Why is speaking God’s Word out loud so important? For one thing, speaking engages more of our brain and our senses. It aids in memorization. Modern neuroscience shows that the words you hear most often – even from your own lips – will “rewire” your brain. But long before brain scans could show such a thing, the Lord already revealed in His Word that “faith comes from hearing, and hearing through the Word of Christ” (Romans 10:17).

In other words, hearing God’s Word from outside ourselves is critical to forming and maintaining our Christian faith. In a preface to his writings, Martin Luther wrote, “You should meditate, that is, not only in your heart, but also externally by actually repeating and comparing oral speech and literal words of the book, reading and rereading them with diligent attention and reflection, so that you may see what the Holy Spirit means by them. And take care that you do not grow weary or think that you have done enough when you have read, heard and spoken them once or twice, and that you then have complete understanding.”

Luther then goes on to reference Psalm 119 and how the author “constantly boasts that he will talk, meditate, speak, sing, hear, read, by day and night and always, about nothing except God’s Word and commandments. For God will not give you His Spirit without the external Word; so take your cue from that.
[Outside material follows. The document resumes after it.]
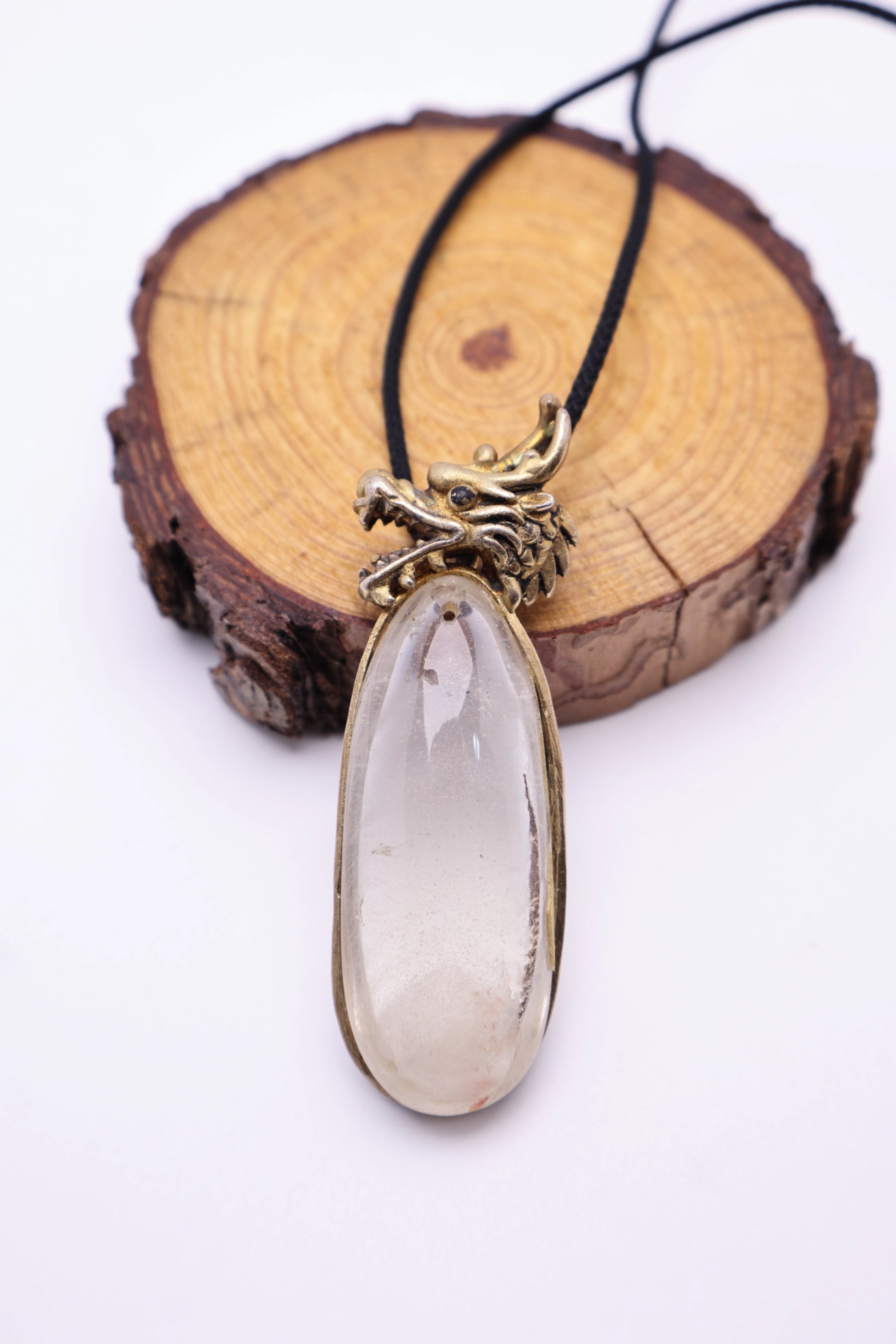 Handcrafted Tiger Spirit Necklace with Natural Clear Quartz Crystal

His command to write, preach, read, hear, sing, speak, etc., outwardly was not given in vain.” (Luther’s Works, American Edition, Vol. 34, pp. 285-286).

Do you ever feel like your mind gets stuck thinking the same negative thoughts over and over again? Over time, those thoughts literally shape our brains and keep that cycle going, whether those repeated thoughts are fearful, depressive, resentful, etc. But the Lord has given us an antidote! Just as He said to Joshua and the Israelites more than 3,000 years ago, His Word ought to not depart from out mouths! If we want to think faithfully (and we should want that!), then we need to listen and speak faithfully, beginning with God’s own powerful Word. 

Here are a few recommendations: first, prioritize hearing God’s spoken Word through the Sunday liturgy and sermon and also by joining in Bible studies where His Word is spoken and discussed among believers. In doing personal Bible study or devotions at home, rather than just quietly reading the Bible, speak it aloud to yourself and your loved ones. Alternatively, you can also use an audio Bible along with your personal Bible reading. (There are many free audio Bibles available now online or as applications. Bible Hub is one that I have personally used.)

Memorization is also not just an exercise for children preparing for Christmas programs or youth participating in catechism classes. The Lord intends for His people of all ages to commit His Word to heart, but in order to “save” it on the inside we need to hear it and speak it on the outside. Here are five Bible verses as a starting place for memorization:

A Word for our fear: “Even though I walk through the valley of the shadow of death, I will fear no evil, for You are with me; Your rod and Your staff, they comfort me” (Psalm 23:4).

A Word for our anger: “Know this, my beloved brothers: let every person be quick to hear, slow to speak, slow to anger; for the anger of man does not produce the righteousness of God” (James 1:19-20).

A Word for our loneliness: “Fear not, for I am with you; be not dismayed, for I am your God; I will strengthen you, I will help you, I will uphold you with My righteous right hand” (Isaiah 41:10).

A Word for our faith: “I have been crucified with Christ. It is no longer I who live, but Christ who lives in me. And the life I now live in the flesh I live by faith in the Son of God, who loved me and gave Himself for me.” (Galatians 2:20)

A Word for our future: “For I am sure that neither death nor life, nor angels nor rulers, nor things present nor things to come, nor powers, nor height nor depth, nor anything else in all creation, will be able to separate us from the love of God in Christ Jesus our Lord” (Romans 8:38-39).

These are just a few examples. Speaking and memorizing whole Psalms or hymn verses is also a great way to get God’s Word into our hearts and minds and to practice meditation – in the biblical sense. May the Psalmist’s words about God’s Word be true of you and me: “Your testimonies are my meditation” (Psalm 119:99b).